Closed soumickmj closed 1 year ago
Hi, Sorry that I didn't really get the question. It seems that the code worked expectedly. On chromosome 2/3, there might be some hits (the same one or close to each other). Could you please describe the plot you want to create and how it is different from the current plot? Thanks.
It was my mistake. It works perfectly. Sorry to bother you and thanks for your help.
Hi @Cloufield Sorry for yet another question!

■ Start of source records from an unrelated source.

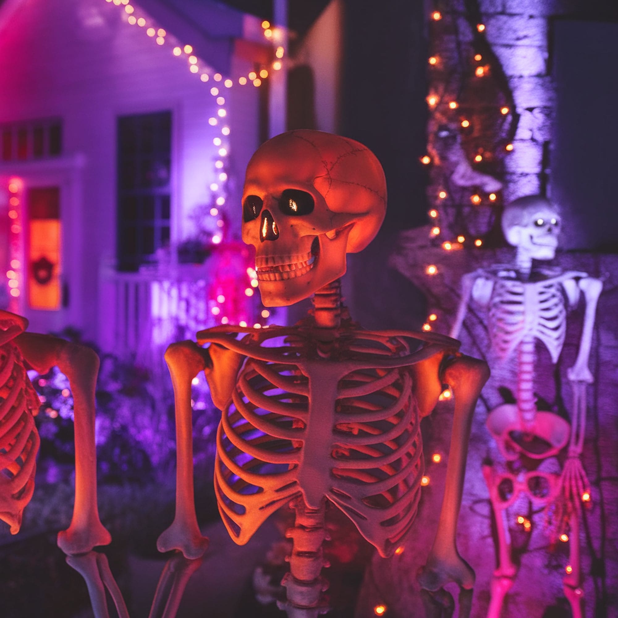 Twist these Halloween-themed string lights around the porch railing or incorporate them throughout other decorations from the garden to enhance the haunted look with some festive lighting. Check out this set of Halloween lights from Amazon that offers different combinations of jack-o’-lanterns, ghosts, and bats. Each of them comes with custom eerie glows to make your front yard stand out from the rest.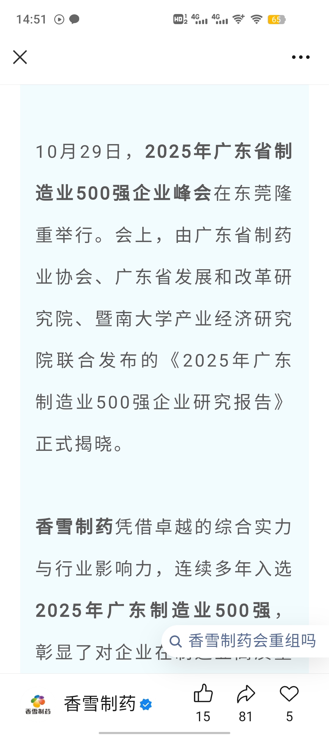 $ST香雪(SZ300147)$ 这股价对得起你入选500强企业吗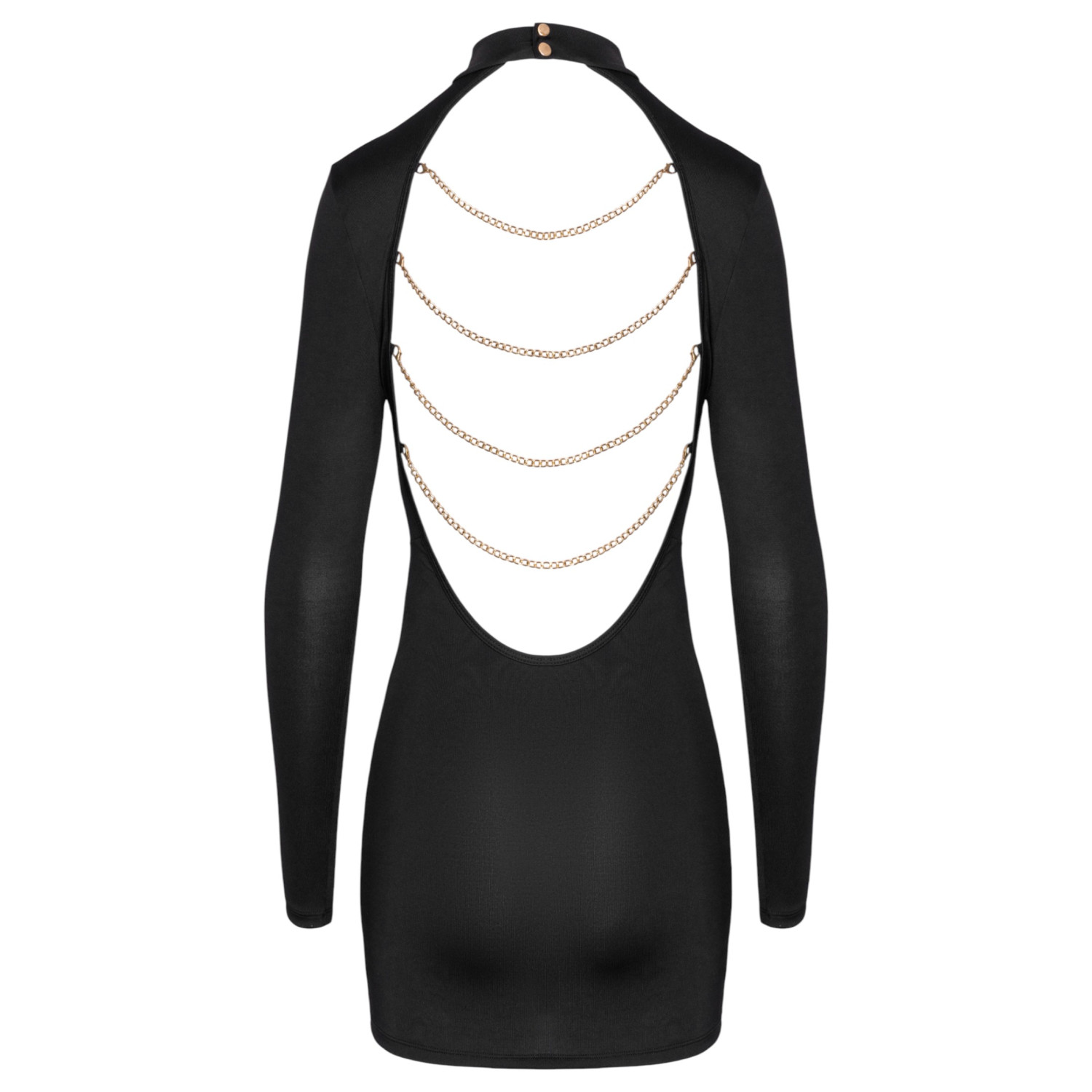 Elegant foran, spennende bak – Cottelli Party svart minikjole med gyllen kjederygg trekker til seg all oppmerksomhet!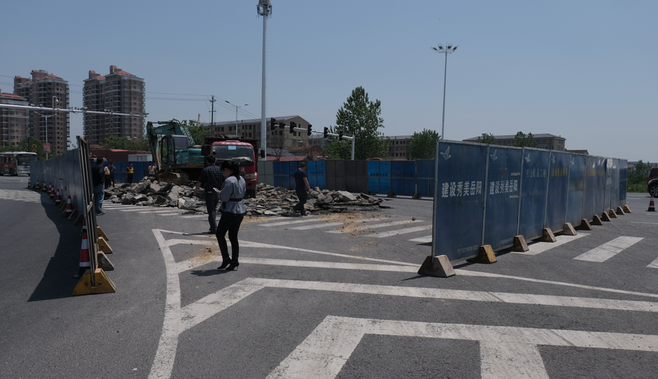 4月28日,在君山区杭瑞高速连接线红绿灯路口,传来阵阵机械的轰鸣声,在做好了安全防护措施的现场,我们看到一台大型挖掘机和数台工程车辆正在紧张的施工。

We are trying to create a single plot using results from 15 different phenotypes. The results obtained from regenie, I merged them like this:
dfs = [] for key, df in processed_hits.items(): df['Ph'] = key
df['ID_Ph'] = df['ID'].astype(str) + ' (' + key + ')' dfs.append(df) merged_df = pd.concat(dfs, ignore_index=True)
Then, mysumstats = gl.Sumstats(merged_df, fmt="regenie", other=['Ph', 'ID_Ph'], verbose=False) mysumstats.fill_data(to_fill=["P"], verbose=False) mysumstats.check_sanity(verbose=False)
When I'm plotting after this using: mysumstats.plot_mqq(sig_level=sig_level, sig_line_color="blue", suggestive_sig_line=True, suggestive_sig_level=corrected_sig_level, suggestive_sig_line_color="red", anno=True, verbose=False) I'm ending up with a plot only containing the combined hits, but not the rest of the manhatten plot. I guess, this is because of repeatative nature of the data as in few cases, multiple phenotypes gave same hits. We had 64 rows in the merged dataframe, but 49 unique SNPIDs. Any idea how to solve this issue?